David Begun, an anthropologist at the University of Toronto, and his team recently reexamined the jaw bones. They argue that the original identification was incorrect. Based on the fossil's hominin-like canines and premolar roots, they identify that the ape belongs to a previously unknown proto-hominin.
The researchers hypothesize that these proto-hominins were the evolutionary ancestors of another European great ape Graecopithecus, which the same team tentatively identified as an early hominin in 2017. Graecopithecus lived in south-east Europe 7.2 million years ago. If the premise is correct, these hominins would have migrated to Africa 7 million years ago, after undergoing much of their evolutionary development in Europe.
Begun points out that south-east Europe was once occupied by the ancestors of animals like the giraffe and rhino, too. "It's widely agreed that this was the found fauna of most of what we see in Africa today," he told New Scientists. "If the antelopes and giraffes could get into Africa 7 million years ago, why not the apes?"
He recently outlined this idea at a conference of the American Association of Physical Anthropologists.
It's worth noting that Begun has made similar hypotheses before. Writing for the Journal of Human Evolution in 2002, Begun and Elmar Heizmann of the Natural history Museum of Stuttgart discussed a great ape fossil found in Germany that they argued could be the ancestor (broadly speaking) of all living great apes and humans.
"Found in Germany 20 years ago, this specimen is about 16.5 million years old, some 1.5 million years older than similar species from East Africa," Begun said in a statement then. "It suggests that the great ape and human lineage first appeared in Eurasia and not Africa."
Migrating out of Africa
In the Descent of Man, Charles Darwin proposed that hominins descended out of Africa. Considering the relatively few fossils available at the time, it is a testament to Darwin's astuteness that his hypothesis remains the leading theory.
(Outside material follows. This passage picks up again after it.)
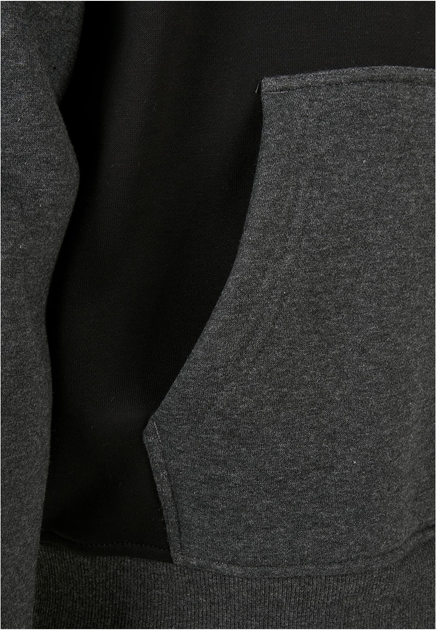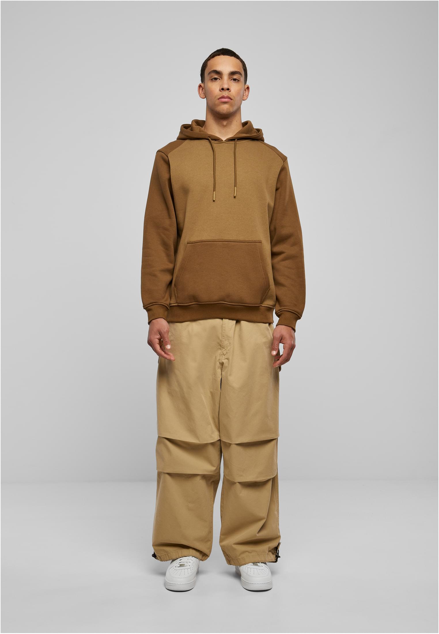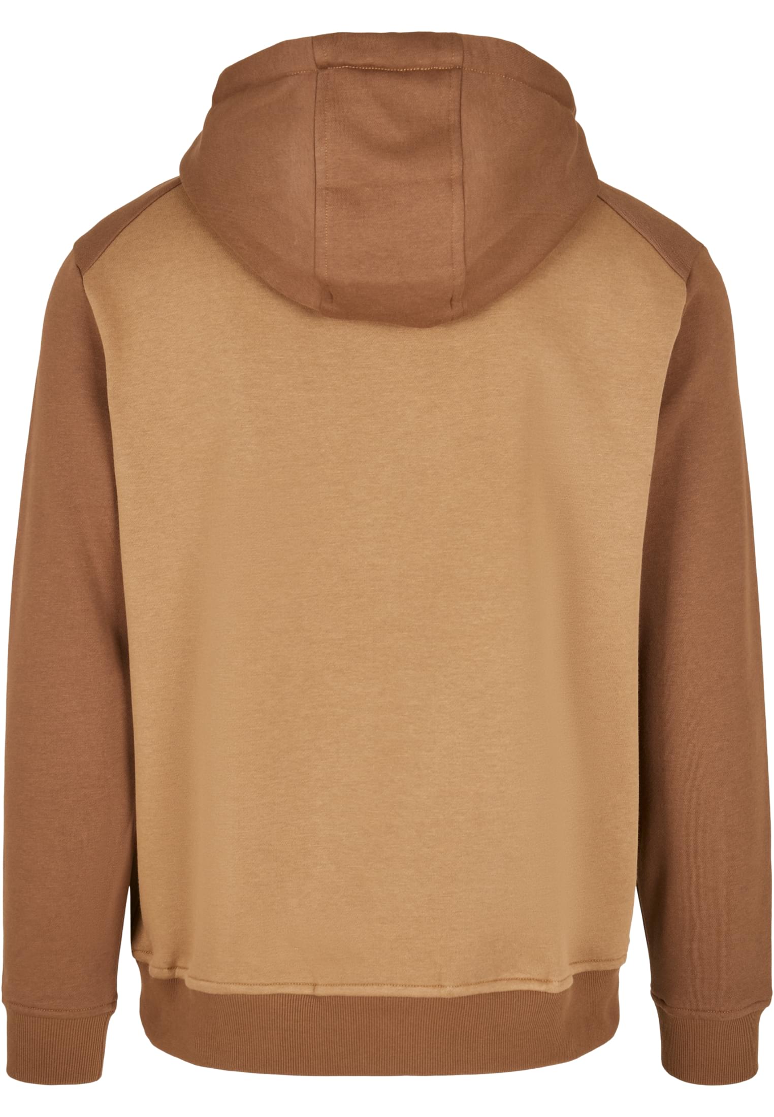 Denna hoodie för herrar kombinerar klassiska detaljer med en stilren färgkombination. Det som särskiljer modellen är de dekorativa raglanpartierna över axlarna, som ger ett sportigt uttryck. Tröjan är tillverkad i mjuk fleece med rymlig passform, och är utrustad med känguruficka, stor huva med dragsko och silikontippade ändar samt elastiska muddar i ärmslut och nederkant.

Since Darwin's time, we have unearthed many more fossils and discovered new evidence in genetics. As such, our African-origin story has undergone many updates and revisions since 1871. Today, it has splintered into two theories: the "out of Africa" theory and the "multi-regional" theory.
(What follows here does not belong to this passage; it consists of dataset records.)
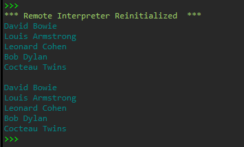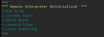 1 #4 2 name_list=['david bowie','louis armstrong','leonard cohen','bob dylan','cocteau twins'] 3 name_list=sorted(name_list) 4 t=[] 5 i=0 6 while i<len(name_list): 7 t.append(name_list[i].title()) 8 print(f'{i+1}.'+t[i],end='\n') 9 i+=1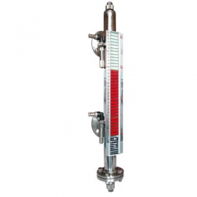 磁翻板液位计主体外的翻板箱受主体内浮子(具有定向磁性源,按不同介质和压力针对研制)的作用促其翻板翻动并显示红白颜色,并随浮子的移动指示不同的液面高度。在指示器左侧配有醒目的刻度标尺,从而使液位的指示显得更加清晰。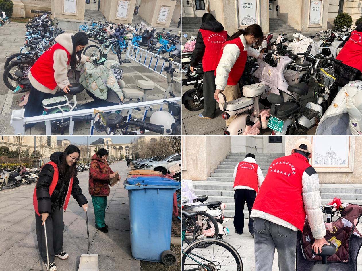 活动中,志愿者们分工协作,将图书馆楼前乱停乱放的电动车、自行车逐一挪移至指定停放点,并排列整齐,有效保障了消防通道畅通与行人安全。同时,对楼前广场、台阶及绿化带周边的纸屑、烟头等杂物进行了细致清扫。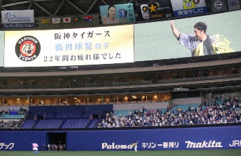 ★伝説の9・7 05年のリーグ優勝への契機となった一戦。審判の判定で紛糾し、岡田監督の「メチャクチャやったれ」の猛ゲキもあって延長戦に勝利。藤川は6回からの2回を4奪三振で1失点。問題の9回には珍しくベンチから怒号を飛ばす姿も。

The out of Africa theory suggests that the cradle of all humanity was Africa. Homo sapiens evolved exclusively and recently on that continent. At some point in prehistory, our ancestors migrated from Africa to Eurasia and replaced other subspecies of the genus Homo, such as Neanderthals. This is the dominant theory among scientists, and current evidence seems to support it best — though, say that in some circles and be prepared for a late-night debate that goes well past last call.
The multi-regional theory suggests that humans evolved in parallel across various regions. According to this model, the hominins Homo erectus left Africa to settle across Eurasia and (maybe) Australia. These disparate populations eventually evolved into modern humans thanks to a helping dollop of gene flow.
Of course, there are the broad strokes of very nuanced models, and we're leaving a lot of discussion out. There is, for example, a debate as to whether African Homo erectus fossils should be considered alongside Asian ones or should be labeled as a different subspecies, Homo ergaster.
Proponents of the out-of-Africa model aren't sure whether non-African humans descended from a single migration out of Africa or at least two major waves of migration followed by a lot of interbreeding.
Did we head east or south of Eden?
Not all anthropologists agree with Begun and his team's conclusions. As noted by New Scientist, it is possible that the Nikiti ape is not related to hominins at all. It may have evolved similar features independently, developing teeth to eat similar foods or chew in a similar manner as early hominins.
Ultimately, Nikiti ape alone doesn't offer enough evidence to upend the out of Africa model, which is supported by a more robust fossil record and DNA evidence. But additional evidence may be uncovered to lend further credence to Begun's hypothesis or lead us to yet unconsidered ideas about humanity's evolution.